Actually - barring what might happened due to them needing drama on the show to sell it, Vanilla Ice or Robert Van Winkle, his real name is actually a pretty smart guy. 

If you look into him, you might see a real guy not much different then a lot of you. Think about it, the guy rose to meteoric stardom and survived it, which a lot of others didn't. The guy was so famous he reached that place in celebrity where when you're too famous, you become a joke. Look at some of the people who reached such huge levels of success too early and they all share this if they were big enough. He went from nothing to richer than any of us, to being a joke and to nothing, and like anyone of us had to face the reality of tomorrow I have to wake up and face the world and what am I going to do?

Look at Michael Jackson, a similar case but he ended up dead, for Vanilla Ice to still be alive the guys got to have more going for him then most will give him credit for.
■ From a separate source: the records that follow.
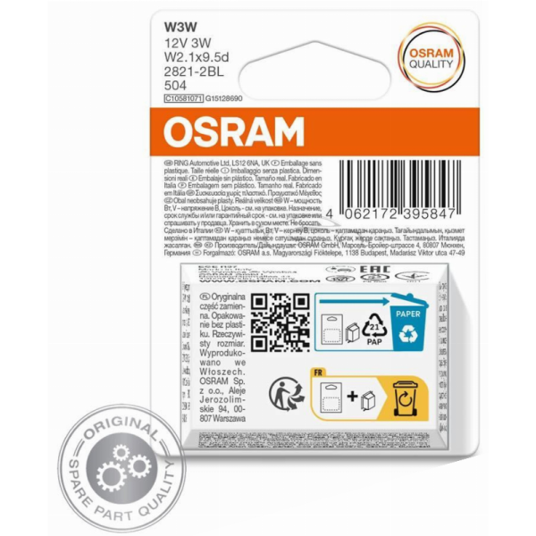 OSRAM LEMPUTĖS W3W 12V 3W W21X95D
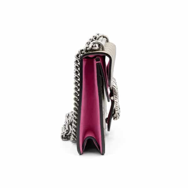 The front flap is defined by the signature tiger head spur closure — an emblem of the Dionysus line inspired by Greek mythology. Compact yet functional, the interior is designed to hold small essentials, while the sliding chain strap allows for both shoulder and crossbody wear. Elegant and versatile, this piece transitions effortlessly from day to evening styling.
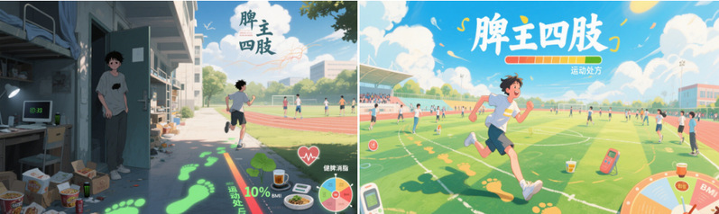 本系列作品以从宿舍到操场的健康蜕变之路为核心意象,结合卫生管理中三级预防理念,展现当代大学生通过科学运动与中医养生实现身心调适的全过程。画面以色彩渐变象征身心转变——主人公从宿舍(灰暗色调、外卖堆积、熬夜状态)出发,沿途经过计步器、中药代茶饮(荷叶决明子茶)、BMI健康转盘等互动元素,最终走向阳光操场(明亮色调、活力运动场景)。地面“运动处方”脚印进度条记录改变历程,天空云朵巧妙构成“脾主四肢”篆体字,呼应中医“脾胃为后天之本”的理论,强调运动与饮食调养对健康体重的协同作用。
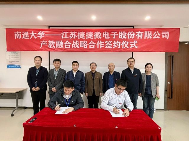 10月25日,17吃瓜 与江苏捷捷微电子股份有限公司举行产教融合战略合作签约仪式。校党委常委、副校长徐骏,学院党总支书记卢兵,江苏捷捷微电子股份有限公司董事、捷捷半导体有限公司总经理黎重林,江苏捷捷微电子股份有限公司监事会主席、捷捷半导体有限公司副总经理钱清友,捷捷半导体有限公司副总经理张超,江苏捷捷微电子股份有限公司副总监刘尧伟出席签约仪式。
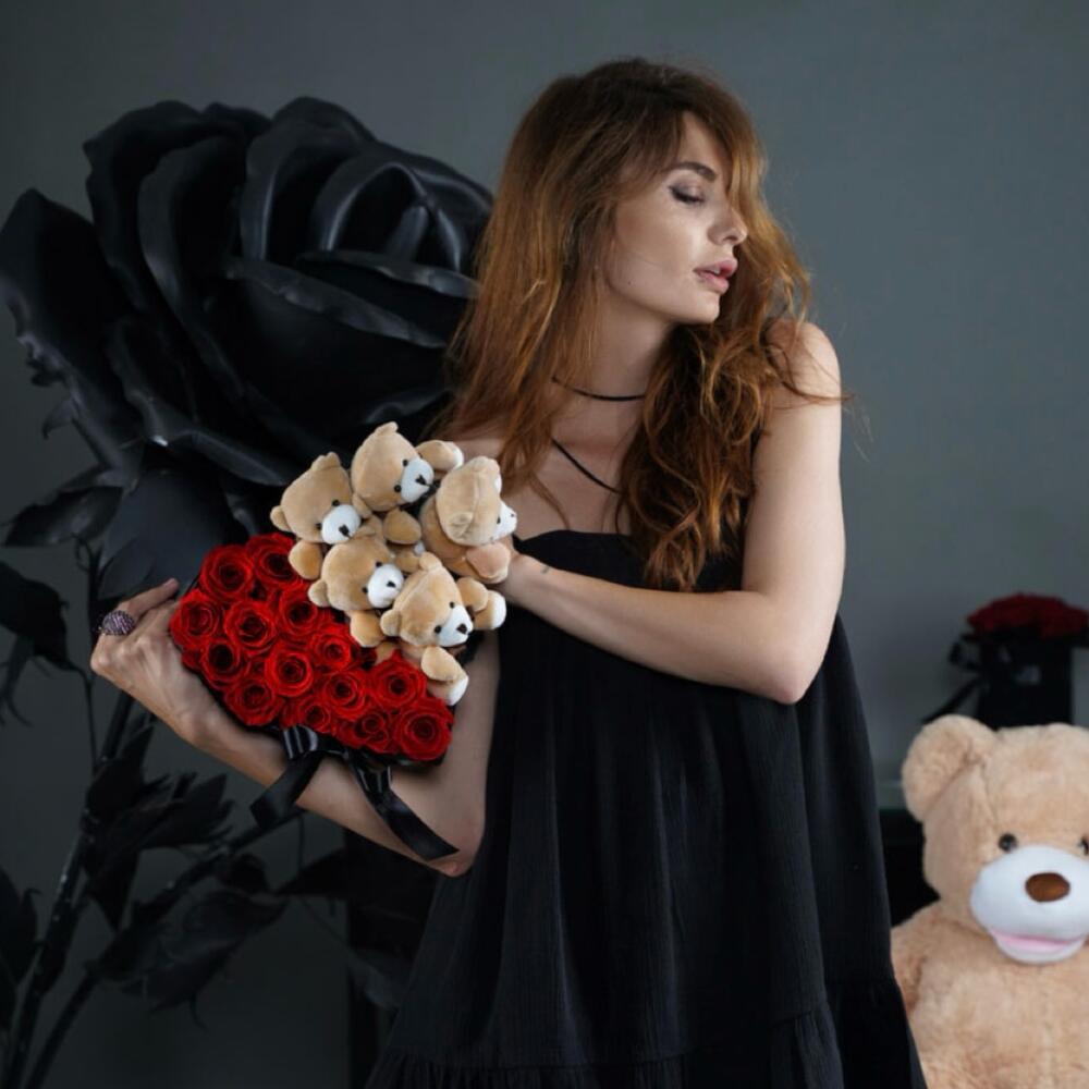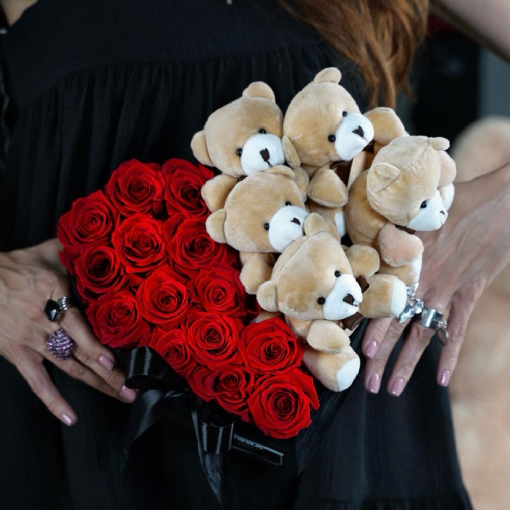 Ribbon - 1 pcs Box - 1 pcs roses preserved - 15 pcs taddy bear - 5 pcs
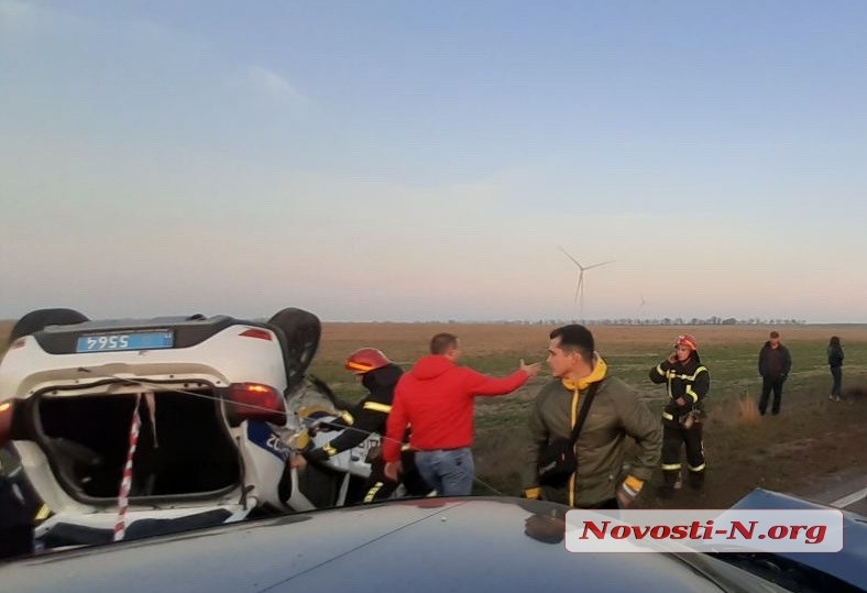 Вечером в субботу, 13 ноября, на трассе Николаев-Одесса автомобиль патрульной полиции Renault Duster столкнулся с Mitsubishi.

I think if the show avoids the easy road of trying to play off his vanilla ice persona and shows more of Robert Van Winkle, I think there is a good chance a lot of people will see who he really is and see that he's a survivor and pretty smart, and a guy who no matter what he had, he still if faced with the reality of having to make a living and raise his kids, not much different then what a lot of contractors faced and are facing today. And if the guy can swing doing a multi-million dollar flip and it's legitimate, he's got my attention.

Look at Sammy Hagar. Pretty much a musical joke, yet today he's got what's considered one of the premiere tequilas in the world, and rumoured to have made more money off of Cabo Wabo tequilla then he ever did in rock and roll.

It will all come down to the edit of the show. I think Van Winkle has a lot more ability besides his grab for the riches he made trying to be a rap star and everything else he did to try to make the easy money. If he's going to fall back into construction, we all know there won't be any easy days in the field.


----------



## loneframer (Feb 13, 2009)

Ice still does 100 shows a year, according to a quote in one of the episodes.:blink:


----------



## Paulie (Feb 11, 2009)

loneframer said:


> Ice still does 100 shows a year, according to a quote in one of the episodes.:blink:


High school auditoriums? :whistling


----------



## loneframer (Feb 13, 2009)

paulie said:


> High school auditoriums? :whistling


 Quite possibly. No different than almost all of my favorite acts of the 80s, even some of the new ones. Many of the AC casino shows are very small crowds.


----------